Friday, June 30, 2006

Independence Day

We are at the beginning of the weekend that marks my favorite holiday, Independence Day, better known in my household as the Fourth of July. There are many reasons to love the Fourth, and here are mine:

1. I don't have to buy anyone a present. Easier on my budget means I can enjoy the day with less stress.

2. I don't have to send a card. I am not a big fan of the so-called "Hallmark Holidays" which guilt us into spending several dollars per card per person for seemingly any and every holiday...St. Patrick's Day, Halloween, Easter, Christmas, etc. Before Harrison I made my own cards in a small protest, but now I haven't got as much free time.

3. There are no mandatory or obligatory family gatherings to attend, which means our time is our own. Brendan and I both have large families, and we both love our families, which means that most of our holidays are actually spent traveling between the homes of our loved ones. We never get to spend more than an hour or two at each stop and it can become a frustrating marathon, especially now that we have Harrison and all of his gear to lug around, too. On the Fourth we can do whatever we want, whether that means going to the lake for the day, staying home, or just watching a movie, there is no pressure and no timeline. Ahhhhhh.

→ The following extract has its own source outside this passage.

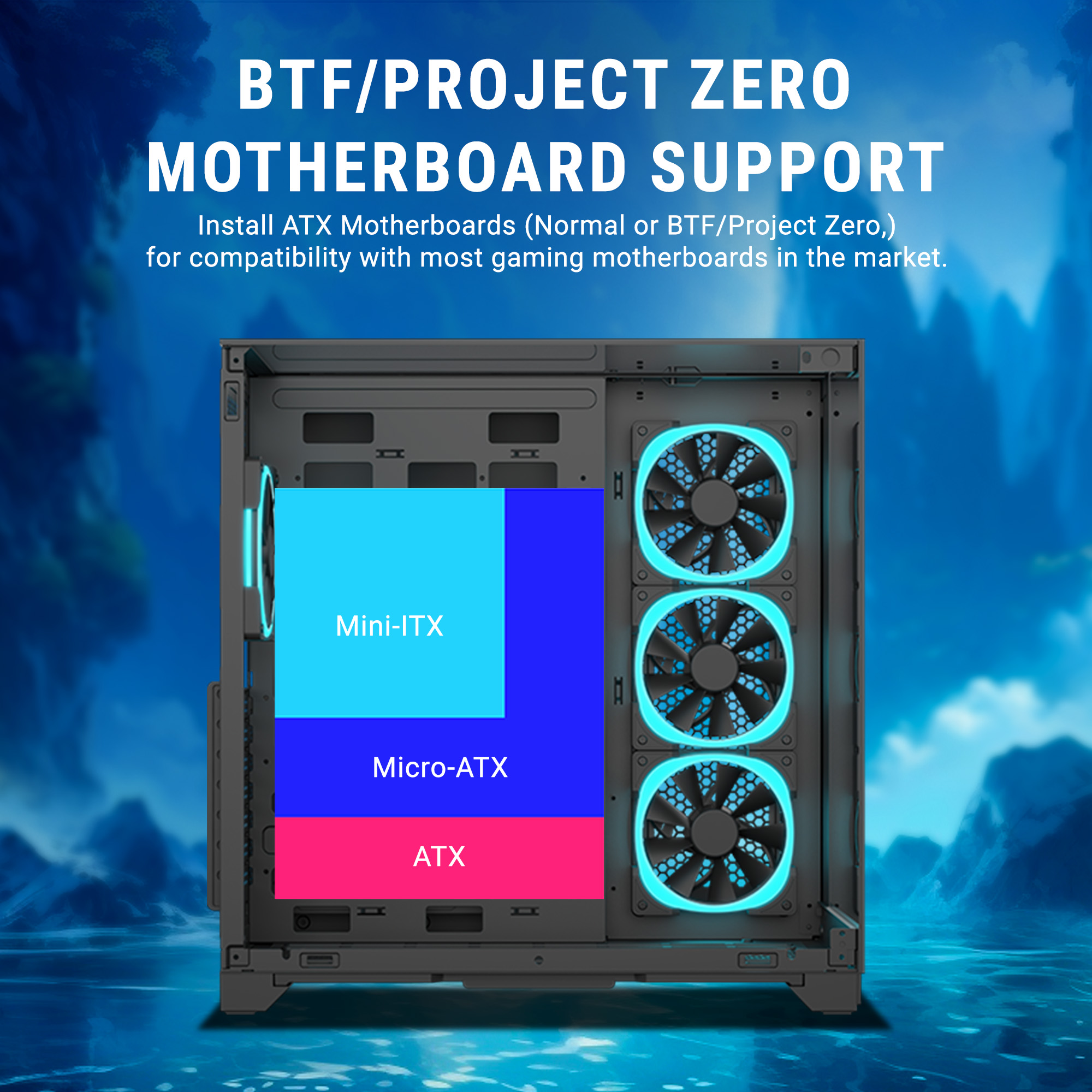 BTF Motherboard Supported – Enjoy ultra-clean builds with hidden connectors using ATX, Micro-ATX, and Mini-ITX (BTF compatible).

4. BBQ. Need I say more? Chicken slathered in yummy BBQ sauce, pasta salad with black olives and fresh herbs, potato salad (although mine is never as good as my Dad's), chips and dip, watermelon, strawberry shortcake, homemade lemonade, baked beans, etc. How could I not love a holiday with such a feast attached to it? In my book it beats out Thanksgiving, easily.

5. Fireworks are cool...I love the very idea of shooting flaming rockets into the sky for the sole purpose of watching them explode into myriad colors and shapes. However, my dogs would rather not witness this part of the celebration as it makes them slightly, er, very uncomfortable.

6. Four days of fun! Because the Fourth falls on a Tuesday this year the festivities will encompass the weekend, Monday, and Tuesday...At least they will for us. Unlike the one-day-only pressure of Thanksgiving, Christmas, Mothers and Fathers Days, and Easter, we have four days over which to spread the fun. Yipppeeeeee!

7. I don't have to give out candy or create a super fabulous costume for my (somewhat unwilling) son to wear from house to house. And I don't have to schlep from house to house with said son.

8. The weather has a good chance of being nice, simply because it is July. We're pretty certain it won't snow or sleet, and even if it rains we can have fun indoors without the need for bulky sweaters and wool socks. That, in itself, is good reason to celebrate!

9. There are good sales on anything and everything, which can help us kick start a better-than ever summer! And I do love to shop for deals...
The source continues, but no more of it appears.